Dataset excerpts
-----

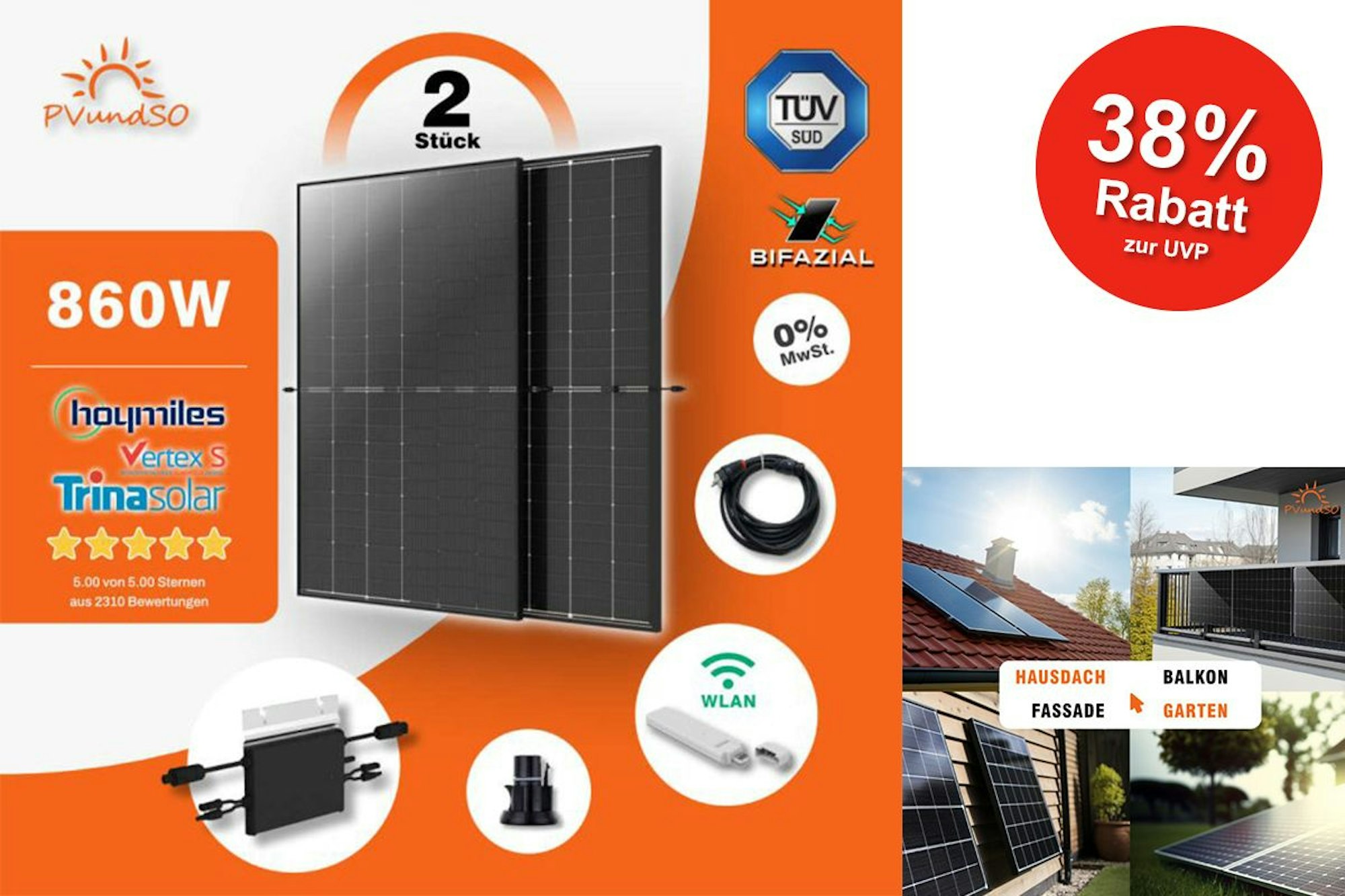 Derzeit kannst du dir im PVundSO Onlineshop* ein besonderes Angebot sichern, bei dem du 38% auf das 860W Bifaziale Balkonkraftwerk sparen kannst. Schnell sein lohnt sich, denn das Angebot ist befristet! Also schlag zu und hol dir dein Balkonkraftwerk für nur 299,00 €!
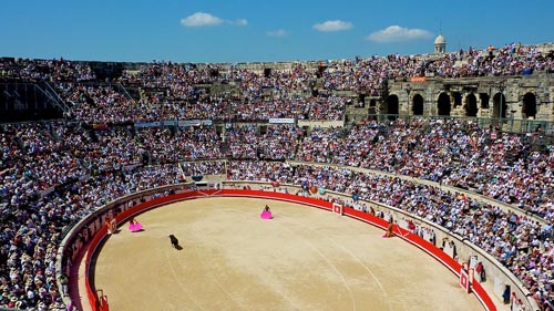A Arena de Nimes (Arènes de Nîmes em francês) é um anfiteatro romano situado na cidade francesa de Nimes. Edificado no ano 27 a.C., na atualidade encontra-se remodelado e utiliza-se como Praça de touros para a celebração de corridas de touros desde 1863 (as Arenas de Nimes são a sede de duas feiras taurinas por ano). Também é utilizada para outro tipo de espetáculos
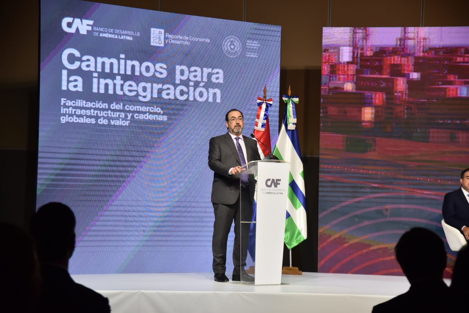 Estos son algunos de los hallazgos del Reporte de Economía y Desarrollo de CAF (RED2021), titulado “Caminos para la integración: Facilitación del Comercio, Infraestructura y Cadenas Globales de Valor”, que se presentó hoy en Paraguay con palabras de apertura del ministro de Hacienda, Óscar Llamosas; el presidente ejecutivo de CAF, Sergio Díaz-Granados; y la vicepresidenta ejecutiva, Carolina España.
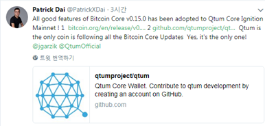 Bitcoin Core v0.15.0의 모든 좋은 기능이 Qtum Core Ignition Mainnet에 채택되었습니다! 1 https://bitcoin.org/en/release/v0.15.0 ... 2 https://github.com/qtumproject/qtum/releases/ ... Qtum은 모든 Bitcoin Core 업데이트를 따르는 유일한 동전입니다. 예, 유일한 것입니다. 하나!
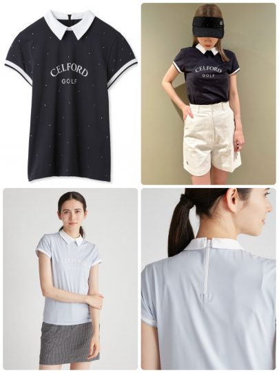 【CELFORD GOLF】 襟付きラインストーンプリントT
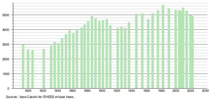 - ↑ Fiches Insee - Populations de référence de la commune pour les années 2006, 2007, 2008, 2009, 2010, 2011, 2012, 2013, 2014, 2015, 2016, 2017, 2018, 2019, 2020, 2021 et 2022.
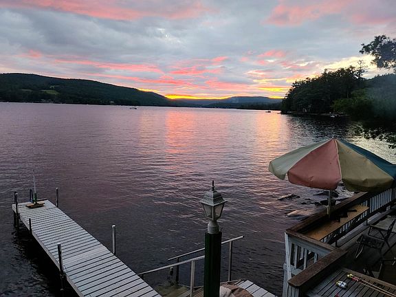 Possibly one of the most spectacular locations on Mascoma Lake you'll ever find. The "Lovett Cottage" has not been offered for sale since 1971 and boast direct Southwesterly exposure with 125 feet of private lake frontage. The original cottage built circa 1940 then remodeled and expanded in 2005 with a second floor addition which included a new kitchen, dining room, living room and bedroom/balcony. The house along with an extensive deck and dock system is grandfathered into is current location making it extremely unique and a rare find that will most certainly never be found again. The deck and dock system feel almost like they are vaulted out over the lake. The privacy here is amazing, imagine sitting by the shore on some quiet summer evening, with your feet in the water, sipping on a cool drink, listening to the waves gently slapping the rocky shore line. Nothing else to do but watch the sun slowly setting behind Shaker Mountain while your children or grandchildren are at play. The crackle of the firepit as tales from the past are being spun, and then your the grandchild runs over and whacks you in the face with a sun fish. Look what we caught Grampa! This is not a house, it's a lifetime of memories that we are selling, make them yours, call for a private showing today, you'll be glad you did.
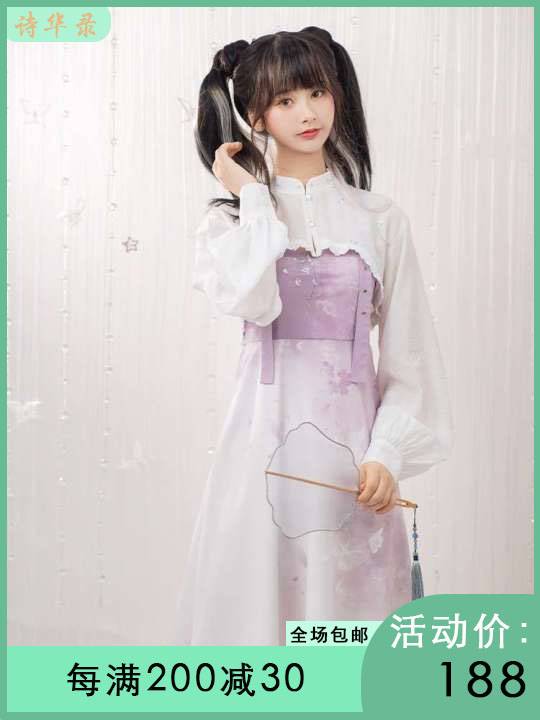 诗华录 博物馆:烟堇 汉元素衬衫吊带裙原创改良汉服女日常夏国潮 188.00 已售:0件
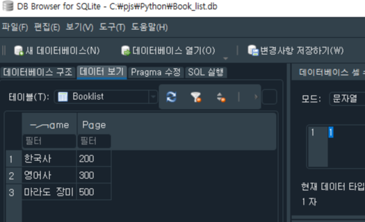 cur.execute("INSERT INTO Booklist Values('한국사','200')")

-----

To do: Copy every record exactly, but skip the pictures.

Solution for this exercise:
 Derzeit kannst du dir im PVundSO Onlineshop* ein besonderes Angebot sichern, bei dem du 38% auf das 860W Bifaziale Balkonkraftwerk sparen kannst. Schnell sein lohnt sich, denn das Angebot ist befristet! Also schlag zu und hol dir dein Balkonkraftwerk für nur 299,00 €!
A Arena de Nimes (Arènes de Nîmes em francês) é um anfiteatro romano situado na cidade francesa de Nimes. Edificado no ano 27 a.C., na atualidade encontra-se remodelado e utiliza-se como Praça de touros para a celebração de corridas de touros desde 1863 (as Arenas de Nimes são a sede de duas feiras taurinas por ano). Também é utilizada para outro tipo de espetáculos
 Estos son algunos de los hallazgos del Reporte de Economía y Desarrollo de CAF (RED2021), titulado “Caminos para la integración: Facilitación del Comercio, Infraestructura y Cadenas Globales de Valor”, que se presentó hoy en Paraguay con palabras de apertura del ministro de Hacienda, Óscar Llamosas; el presidente ejecutivo de CAF, Sergio Díaz-Granados; y la vicepresidenta ejecutiva, Carolina España.
 Bitcoin Core v0.15.0의 모든 좋은 기능이 Qtum Core Ignition Mainnet에 채택되었습니다! 1 https://bitcoin.org/en/release/v0.15.0 ... 2 https://github.com/qtumproject/qtum/releases/ ... Qtum은 모든 Bitcoin Core 업데이트를 따르는 유일한 동전입니다. 예, 유일한 것입니다. 하나!
 【CELFORD GOLF】 襟付きラインストーンプリントT
 - ↑ Fiches Insee - Populations de référence de la commune pour les années 2006, 2007, 2008, 2009, 2010, 2011, 2012, 2013, 2014, 2015, 2016, 2017, 2018, 2019, 2020, 2021 et 2022.
 Possibly one of the most spectacular locations on Mascoma Lake you'll ever find. The "Lovett Cottage" has not been offered for sale since 1971 and boast direct Southwesterly exposure with 125 feet of private lake frontage. The original cottage built circa 1940 then remodeled and expanded in 2005 with a second floor addition which included a new kitchen, dining room, living room and bedroom/balcony. The house along with an extensive deck and dock system is grandfathered into is current location making it extremely unique and a rare find that will most certainly never be found again. The deck and dock system feel almost like they are vaulted out over the lake. The privacy here is amazing, imagine sitting by the shore on some quiet summer evening, with your feet in the water, sipping on a cool drink, listening to the waves gently slapping the rocky shore line. Nothing else to do but watch the sun slowly setting behind Shaker Mountain while your children or grandchildren are at play. The crackle of the firepit as tales from the past are being spun, and then your the grandchild runs over and whacks you in the face with a sun fish. Look what we caught Grampa! This is not a house, it's a lifetime of memories that we are selling, make them yours, call for a private showing today, you'll be glad you did.
 诗华录 博物馆:烟堇 汉元素衬衫吊带裙原创改良汉服女日常夏国潮 188.00 已售:0件
 cur.execute("INSERT INTO Booklist Values('한국사','200')")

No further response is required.